I placed my hand over his. "We just weren't enough, and I need you to know that one day hopefully we'll both find someone who is enough."

"I thought I’d found someone before, was getting engaged to them." He said. Guilt consumed me that I'd let this man flirt with me in my job and stole him from a potential future wife. It was like John had read my mind because he said:

"Oh fuck it. You might as well know. There was never any fiancée. I just fancied you and thought that was a way in."

"What?"

"I thought I'd show my interest while playing hard to get and it worked, didn't it?"

"John, I've spent so much time feeling guilty about my actions. That I'd taken another woman's man. The only reason I continued was because I'd thought you would have split up anyway given you were clearly not that interested in her if you'd been flirting so heavily with me." I finished the last of my drink. "Our relationship was based on a lie, and I came to it with a part of myself I didn't like. A mistake. I would never do that to another woman now. It's made me feel sick to my stomach about having hurt someone else."

"Well, you can get over it now, because there never was anyone."
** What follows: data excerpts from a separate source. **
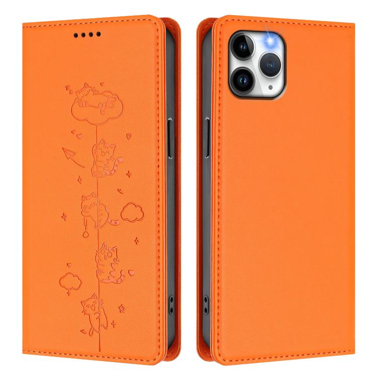 For iPhone 11 Pro Cute Cats Embossed Magnetic RFID Vegan Leather Phone Case(Orange)
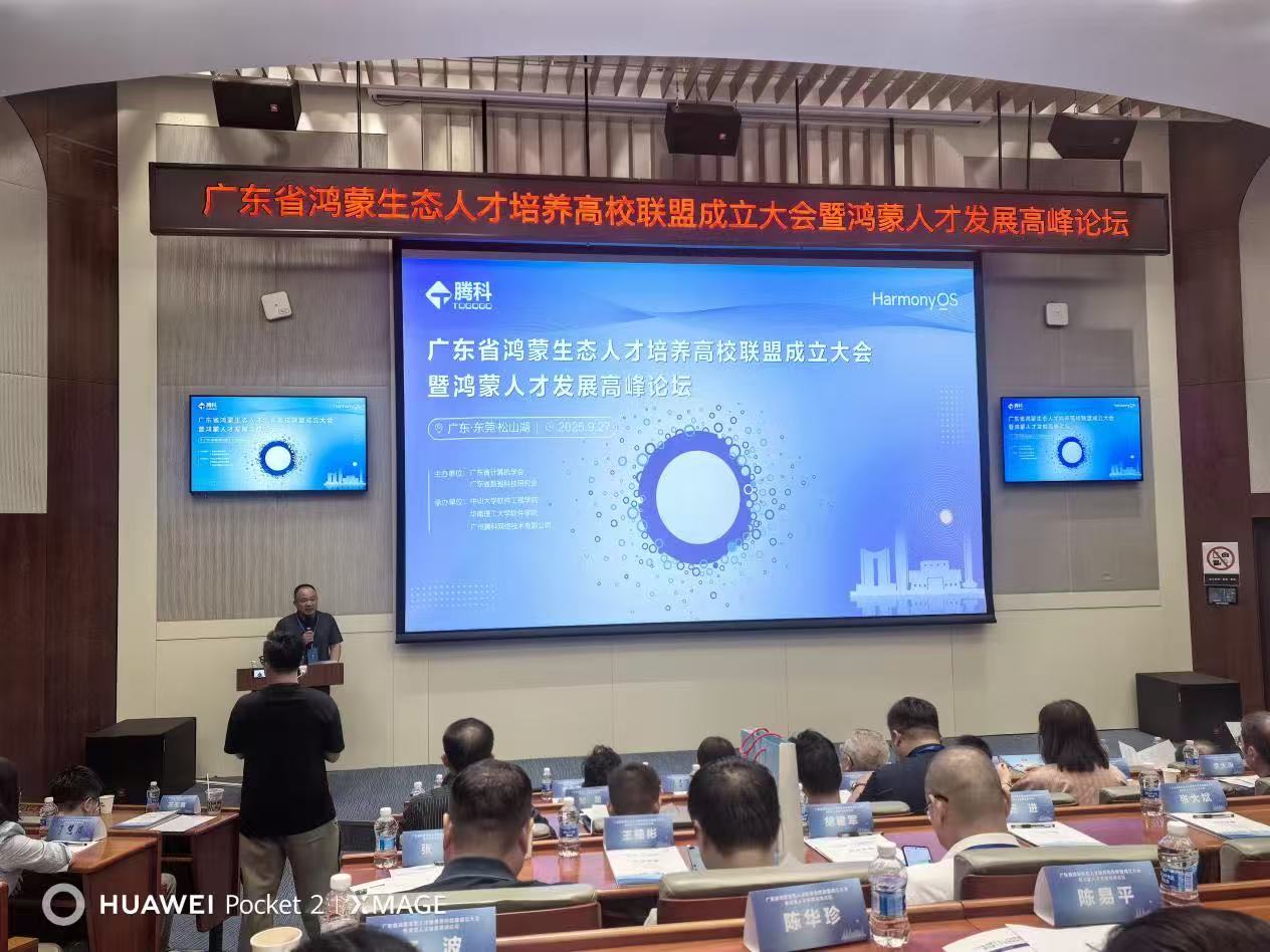 2025年9月27日下午,广东省鸿蒙生态人才培养高校联盟成立大会暨鸿蒙人才发展高峰论坛在东莞市华为松山湖基地成功举办。beat365官网人工智能学院执行院长张伟明率学院教师代表胡纯意一同参会,与来自全省高校、企业及科研院所的专家学者共同探讨鸿蒙生态人才培养的相关议题。
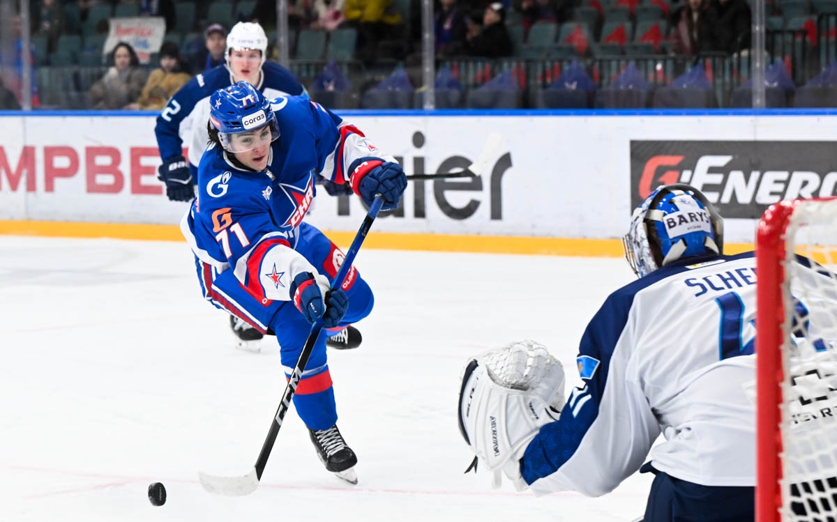 Питерский СКА одержал уверенную победу над астанинским "Барысом" в матче регулярного чемпионата КХЛ, отправив в ворота соперника семь безответных шайб.
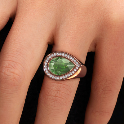 Are you looking for a special ring with an eye-catching single gemstone? How do you like this Latashia ring? This rose gold Latashia ring is set with a beautiful 12x8 mm pear tourmaline green. The tourmaline green is carefully selected by our tourmaline green suppliers. Subsequently, these gemstones are then set by our goldsmith according to ancient tradition. The ring will then be polished to perfection creating a unique ring with a stunning tourmaline green. Created especially for you. Customize your own specialLatashia ring, which will then be created by our goldsmiths with great passion. Do you prefer a different option than is shown here in the rose gold Latashia ring? Then our online tools offers various options. Feel free to ask us for help if you are unable to succeed. We are happy to answer your questions!By using a combination of the latest modern techniques, combined with ancient crafting, we can make all our rings in our own studio. Each jewel is made to order. This is advantageous because we can offer you a price you won't find anywhere else.To make it easier for you, we offer a 30 day return policy. Check our terms and conditions.
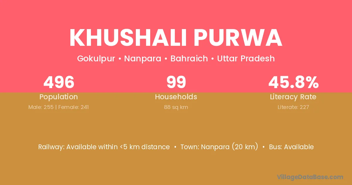 Nanpara (20 km) is the nearest town to Khushali Purwa village for major economic activities and is located approximately 20 km away.
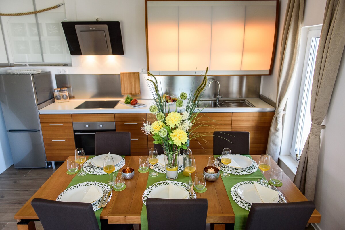 Detta eleganta boende är perfekt för familjer och grupper. Med egen ingång på översta våningen kan du njuta av avskildhet och en unik utsikt över havet. På 3 minuters promenad finns en strand med en restaurang och bar, samt en liten frukt- och grönsaksstånd, ett litet bageri med färskt bröd varje dag och en glassstånd. Zadar flygplats och Zadar II motorvägsförbindelse ligger 15 minuter bort. Utomhuslekplats: basket, fotboll, volleyboll, etc.
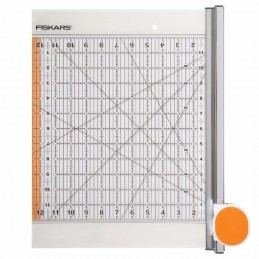 Perfectly sized for precise square cuts, the Fiskars 12" x 12" Rotary Cutter & Ruler Combo simplifies cutting quilting blocks, fabric squares, and smaller pieces with speed and accuracy. This compact, all-in-one tool features a 12" x 12" acrylic ruler with an integrated 45mm rotary cutter, allowing you to measure and cut in one smooth motion.
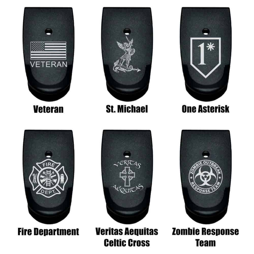 This article will focus primarily on magazine base plate extensions and slide back plates for a Smith & Wesson M&P Shield 2.0. Each part is CNC-machined from T6 aluminum and then hard anodized black. The American Flag design you see on the plates is laser-etched, which means it will never wear off or peel, unlike paint and stickers. The metal itself is literally burned away to create highly detailed and precise patterns that will last a lifetime.
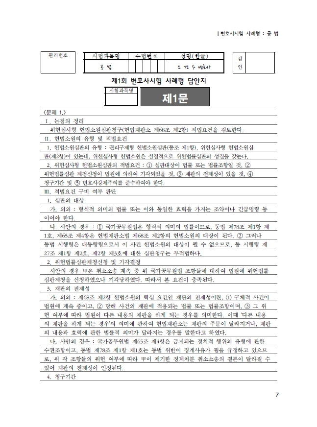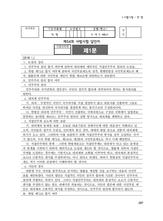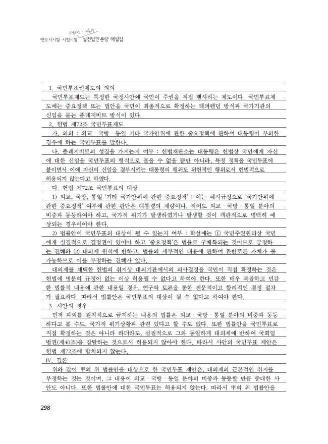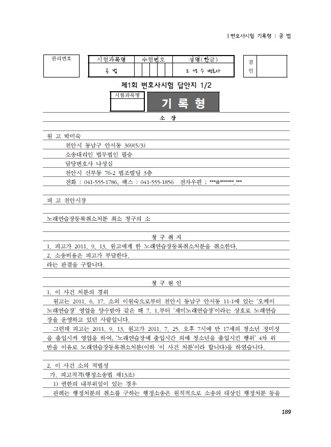 제 목: [변호사시험, 사법시험] 사례형 기록형 실전답안분량 해설집

I huff-laughed. "You don't get it, do you? Whether they were real or not, I made the wrong decision, and I know now that being with you was a total wrong decision. Especially after the fiasco with Joelle and the double proposal."

He looked down at the floor.

I stood up. "Thank you for coming, John. It's really helped me to clarify what we had and put things in perspective. I hope you do meet the right woman soon. Maybe if you don't lie to her, and don't act like an idiot, you'll have more success. I know I've certainly learned lessons from this relationship."

He stood up himself. "I came here hoping for another chance, but I see now, we are completely over. Your heart belongs with Rex. I can see it clear as day. Why can't you?"

I let him out of the house and closed the door behind him. I was left feeling a sense of sadness and regret about me and John, and with a yearning inside me to see Rex again. But he'd not been in contact with me. His message was clear.